At the recent UNESCO conference, News Organizations Standing Up for the Safety of Media Professionals, at which our International Director was present, editors and journalists discussed how to improve the security and authenticity of video and other data used to report serious human rights abuses. One such app, eyeWitness, provides a secure method of verification as well as many safety features for all users, including journalists, human rights defenders and ordinary citizens.
eyeWitness emphasises that no app can guarantee your safety and every precaution should be taken when attempting to record sensitive footage.

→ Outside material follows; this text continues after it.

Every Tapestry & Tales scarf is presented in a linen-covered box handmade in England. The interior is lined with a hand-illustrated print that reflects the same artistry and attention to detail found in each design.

The app functions much like your basic photo/video recording app. You open to a screen with a white border that will save footage to your normal gallery on your phone. It could replace your phones normal app and wouldn’t seem out of place on any phone.
In order to record the secret, authenticated, video, you simply hold down the border of the video. It will change colour to indicate you are now in the safe mode. Once footage is recorded it is saved to your secret gallery. You can then choose to upload it to be verified by the eyewitness team. It then has the additional options of uploading to social media, or downloading onto an SD card.

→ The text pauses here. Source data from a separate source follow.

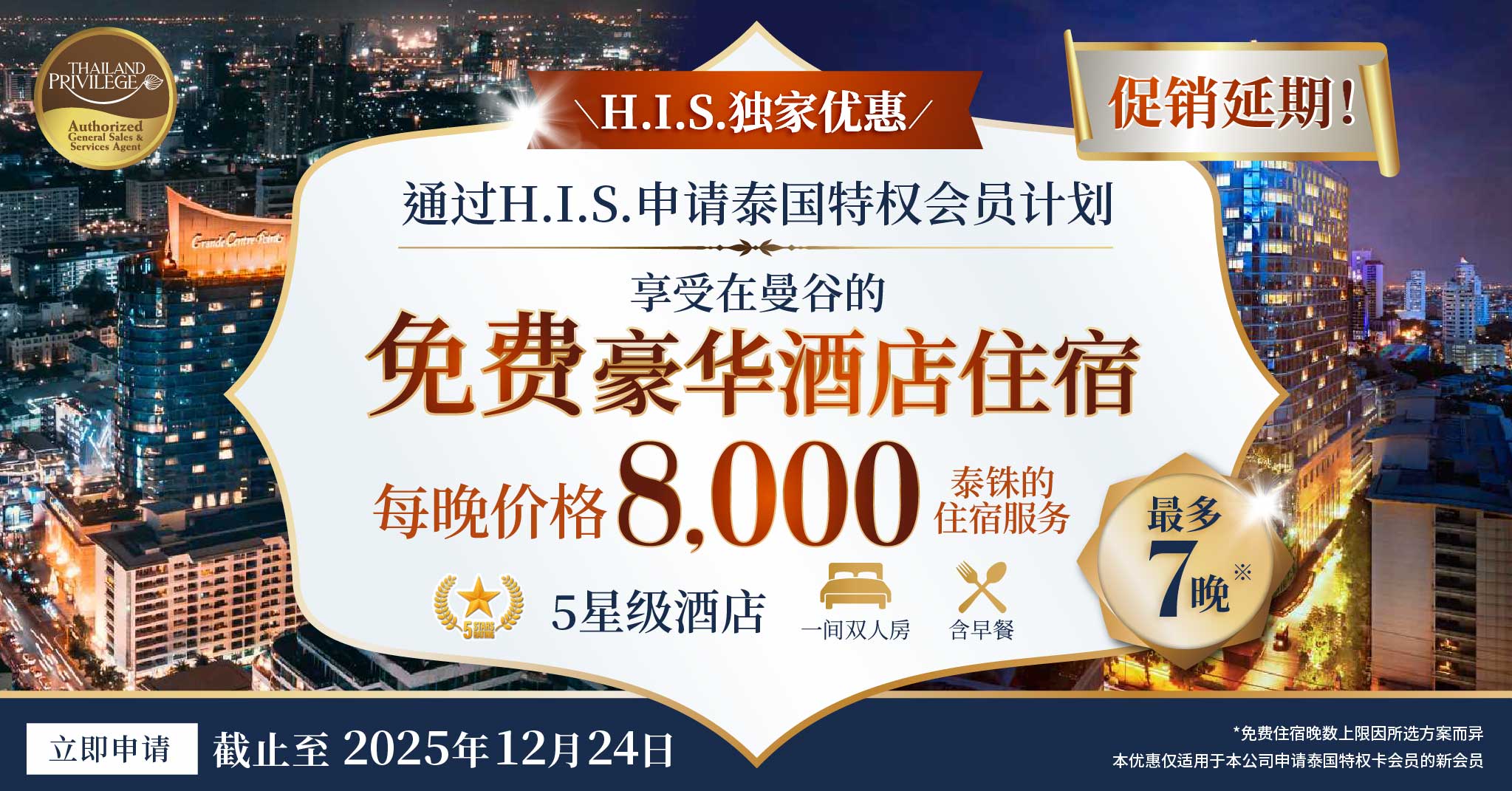 于2025年8月1日至10月31日期间,享受H.I.S. 泰国特权。
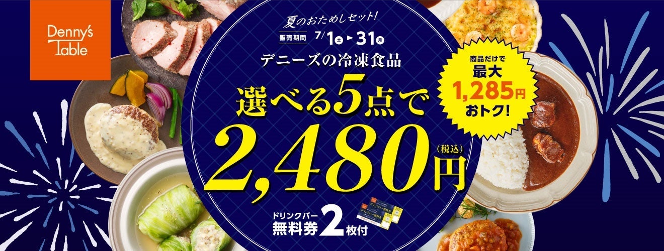 本企画商品は、人気の「お店のソースで仕込んだ デミグラスハンバーグ」や、「オマール香る海老ドリア~ターメリックライス」など対象11商品からお好きな5品と、さらにデニーズ店舗でご利用いただけるドリンクバー無料券2枚がついて税込2,480円と、商品だけで最大1,285円オトクなセットです。夏にぴったりな「スパイス香る!野菜を楽しむ キーマカレードリア」や「欧風ビーフカレー」、暑い日でも電子レンジで簡単調理ができる「北海道産3種チーズの海老グラタン」も対象商品となっております。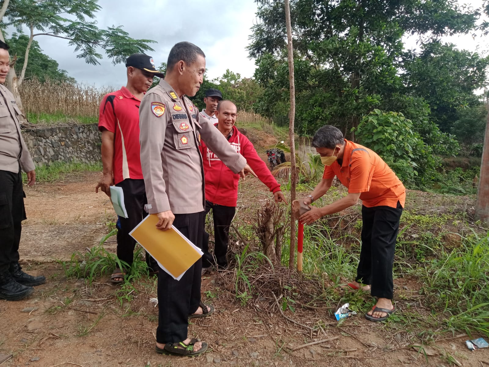 AKP Dirhamsyah menjelaskan, “kegiatan hari ini melihat lokasi tanah yang dihibahkan kepada POLRI untuk Polsek Batu Putih dengan ukuran 50 X 100 m perbatasan dengan sungai, selanjutnya akan kita proses hibahnya.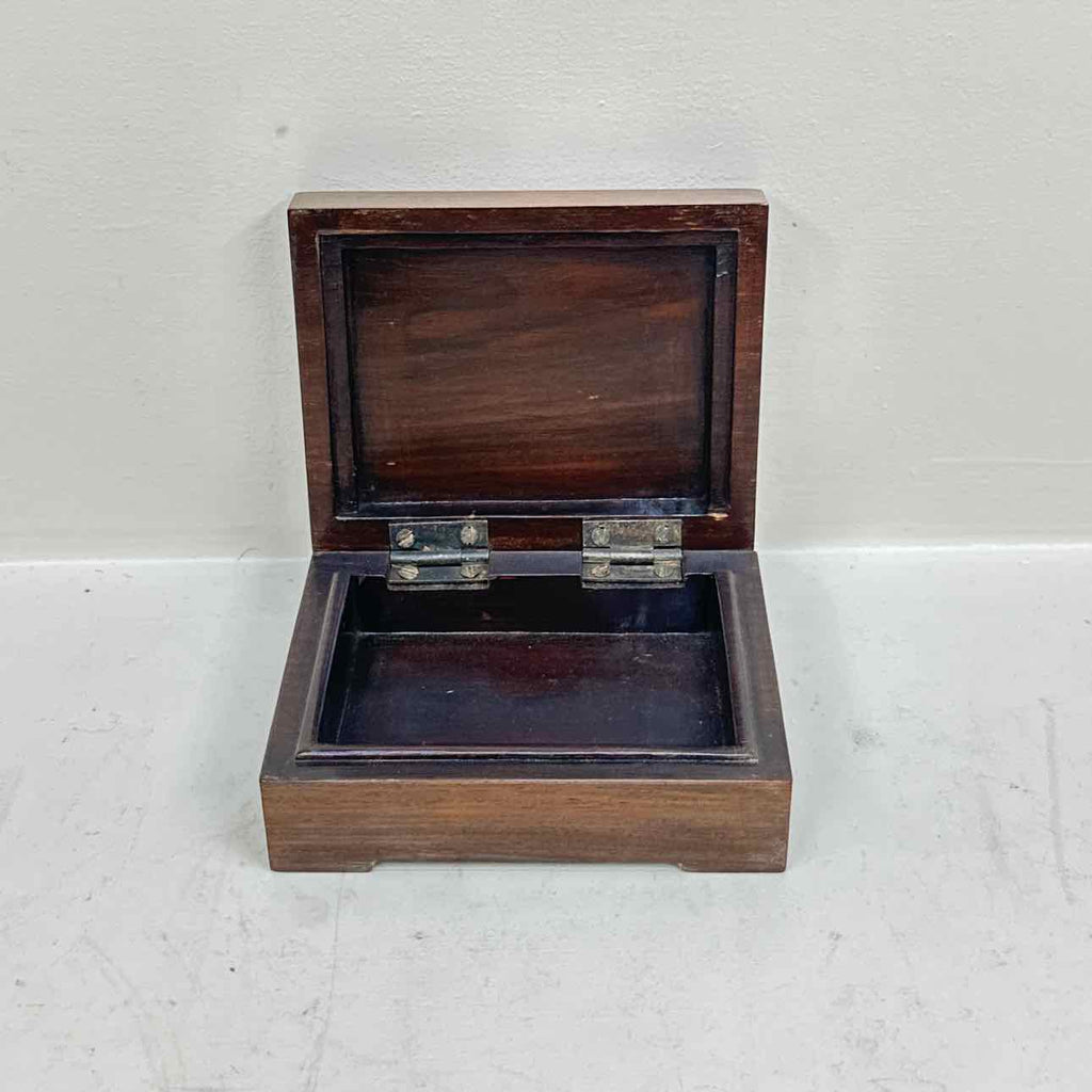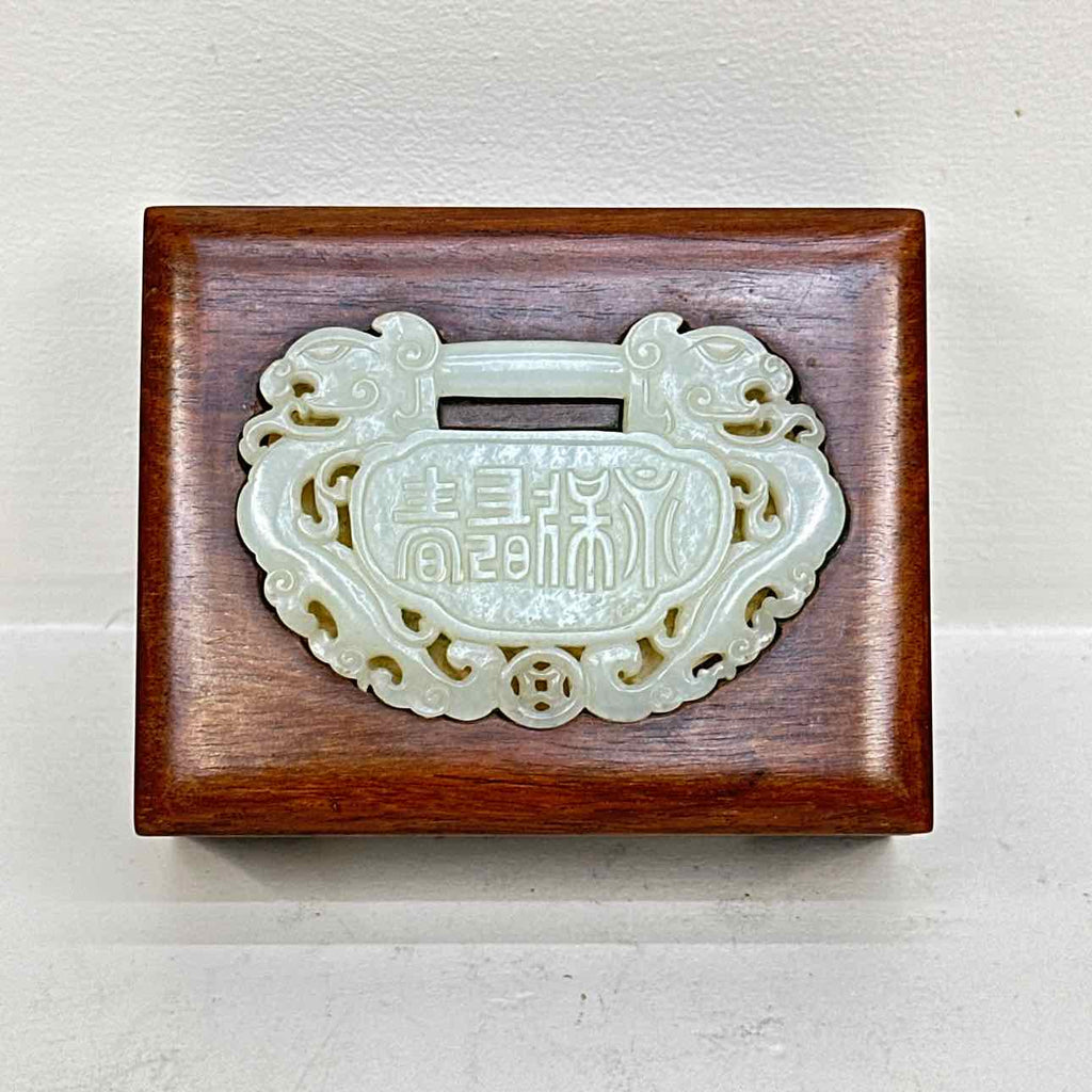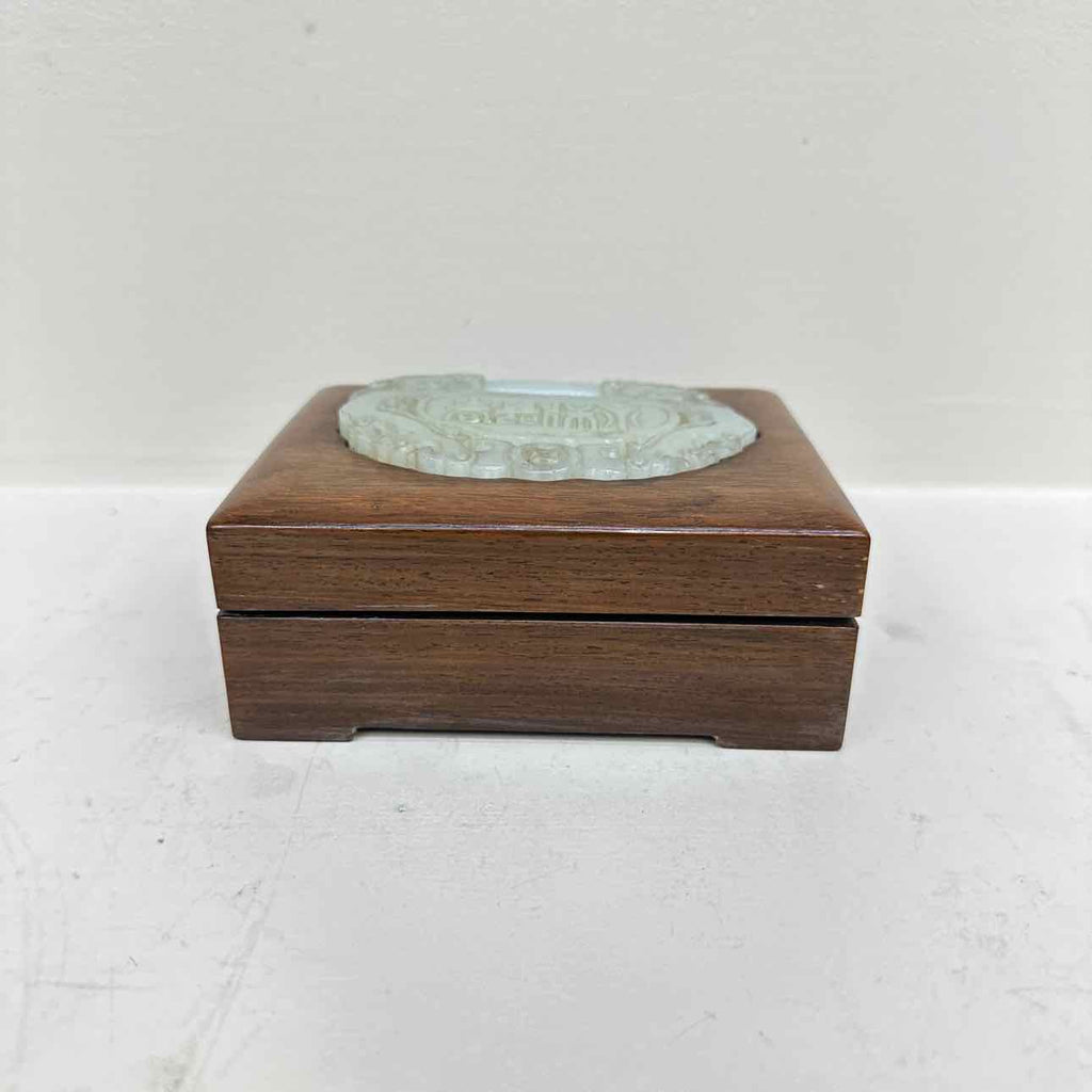 Chinese Wood Box w/ Carved Jade Plaque - 2" Tall x 4.5" Wide

This app has been available since June 2015. It was designed with the atrocities in Syria, Ukraine and DRC in mind but could be useful for anyone wishing to record the authorities without risk of having your footage discovered and destroyed.
Safety Functions Include
- Innocuous Icon option
- Panic Uninstall
- Secret Gallery
- Button to quickly delete all video
Verifiability Options Include
- Time and location data
- Tagging option including options to easily detail people e.g. “citizen” or “armed forces”

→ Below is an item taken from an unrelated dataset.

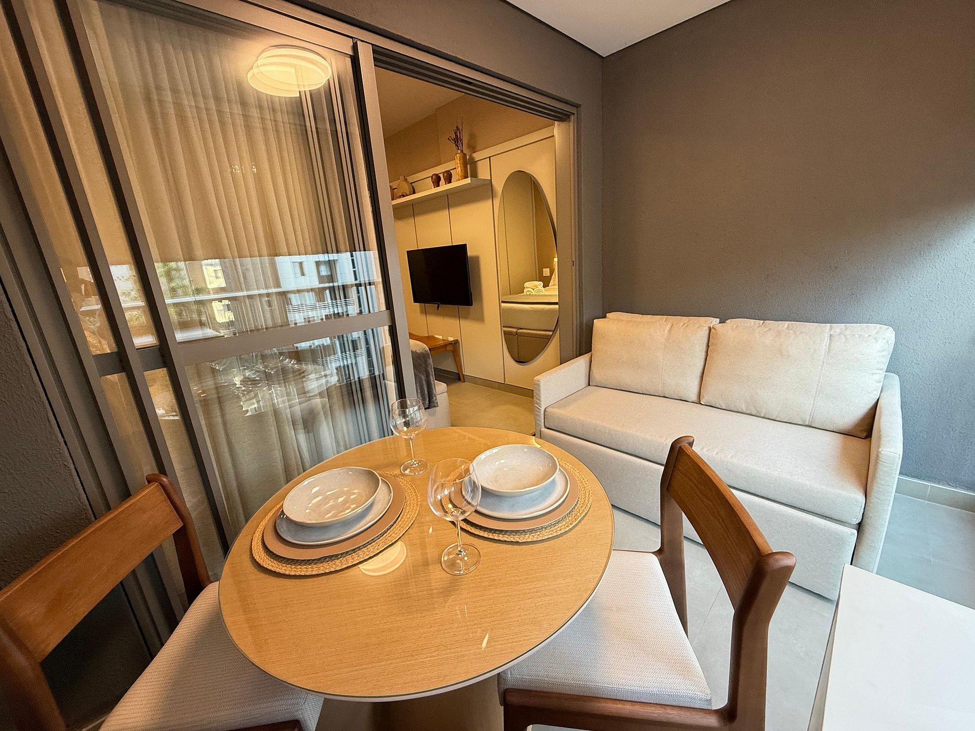 The studio features a queen-size bed with premium hotel-quality linens, air conditioning, Wi-Fi, and a fully equipped compact kitchen with a refrigerator, microwave, coffee maker, electric kettle, and sandwich maker. The spacious balcony, with a dining table and sofa, is a standout feature that extends the living area—ideal for relaxing or enjoying meals with a city view.
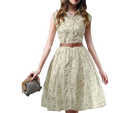 Neudas Women Casual Turn Down Collar A Line Pleated Hem Belt Dress

- Secure data-bank of all unedited footage
- Eyewitness team overseeing all uploaded footage
The app, which was developed in cooperation with the International Bar Association, was presented to an expert international audience at the Seminar on the Protection of Journalists organised by CFOM, the Council of Europe, the European Lawyers Union and UNESCO in November 2014.
The app is designed to promote accountability for those who commit the worst human rights abuses by helping to collect reliable evidence to bring to justice those responsible for atrocities.